**Data to examine:**
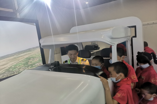 活动以驾驶模拟机拉开了帷幕,小朋友们进入模拟驾驶舱,宛如进入了真正的飞机机舱,“起飞”“飞行”“降落”……让他们见识到飞行学院先进的科技、飞行员熟练的操作、沉稳的发挥和强悍的实力。
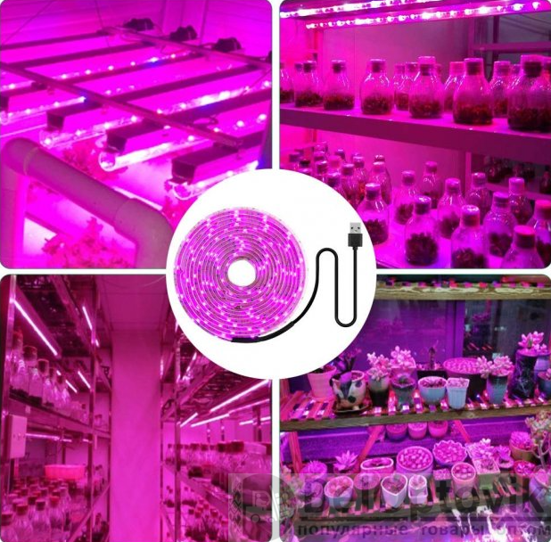 - Простая установка: просто подключите фитоленту в USB-порт и она начнет работать. Вы можете подключить ленту в любой USB-адаптер (блок питания, ноутбук и тому подобное)
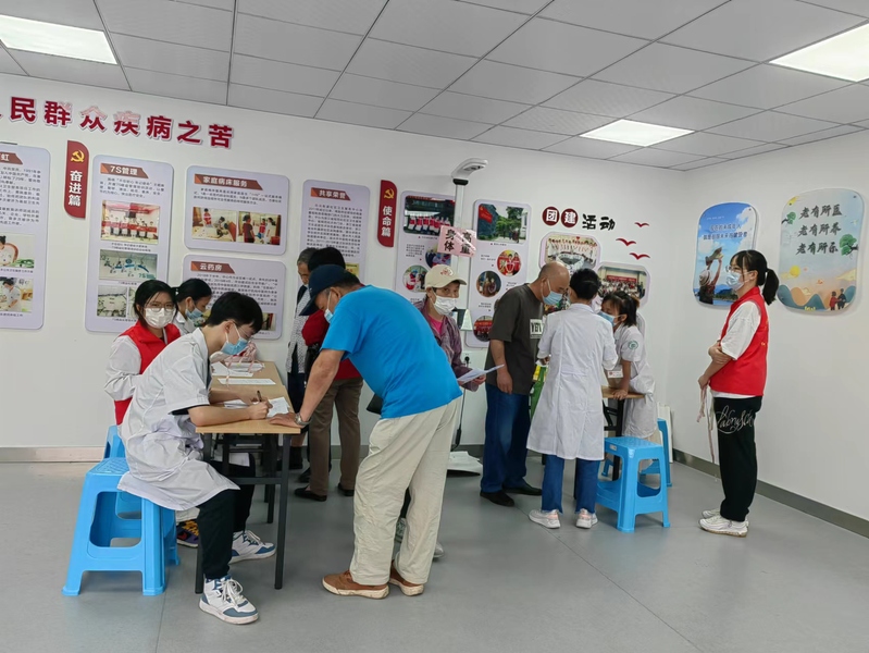 活动现场,学生志愿者热情引导居民有序地参与体检,并协助登记健康档案,方便居民日后就诊。同时协同医护人员一起为居民们问诊、测视力、测血糖、测血压,耐心解答体检居民的各种疑问,使体检工作有序进行。针对检查出有潜在疾病风险的患者,志愿者详细为其讲解各类常见病预防及日常卫生知识,倡导大家养成健康的生活方式,将温暖关怀传递到群众心中。
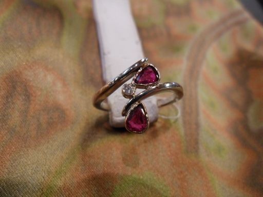 14K white and rose gold swirl ring with two pear shape rubies and diamond.
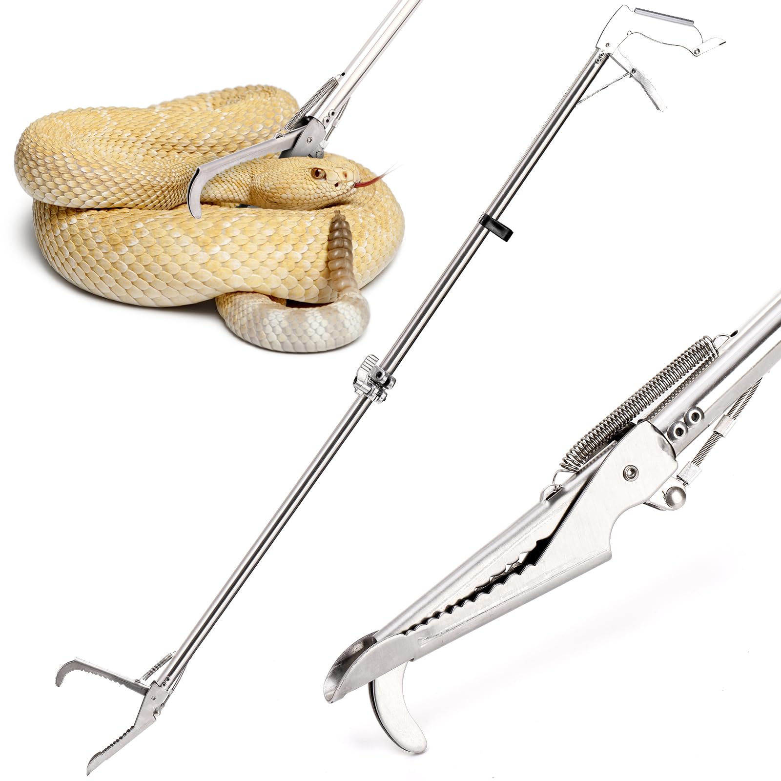 【Durable】The unfolded length is 47.2 ", and the folded length is 24.4". Our snake tong is made of firm stainless steel and built to last, ensuring years of reliable use. Its heavy-duty construction can withstand even the toughest conditions, making it suitable for both indoor and outdoor snake t
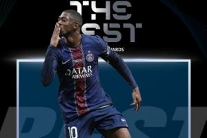 体育资讯12月17日讯 2025年FIFA年度最佳颁奖典礼正在进行,巴黎圣日耳曼前锋登贝莱当选2025年度FIFA最佳球员!

**Assignment:**
Starting with the first line of the records above and stopping after the line containing "- Простая установка: просто", repeat every line exactly and leave out the pictures.

**Response to the exercise:**
 活动以驾驶模拟机拉开了帷幕,小朋友们进入模拟驾驶舱,宛如进入了真正的飞机机舱,“起飞”“飞行”“降落”……让他们见识到飞行学院先进的科技、飞行员熟练的操作、沉稳的发挥和强悍的实力。
 - Простая установка: просто подключите фитоленту в USB-порт и она начнет работать. Вы можете подключить ленту в любой USB-адаптер (блок питания, ноутбук и тому подобное)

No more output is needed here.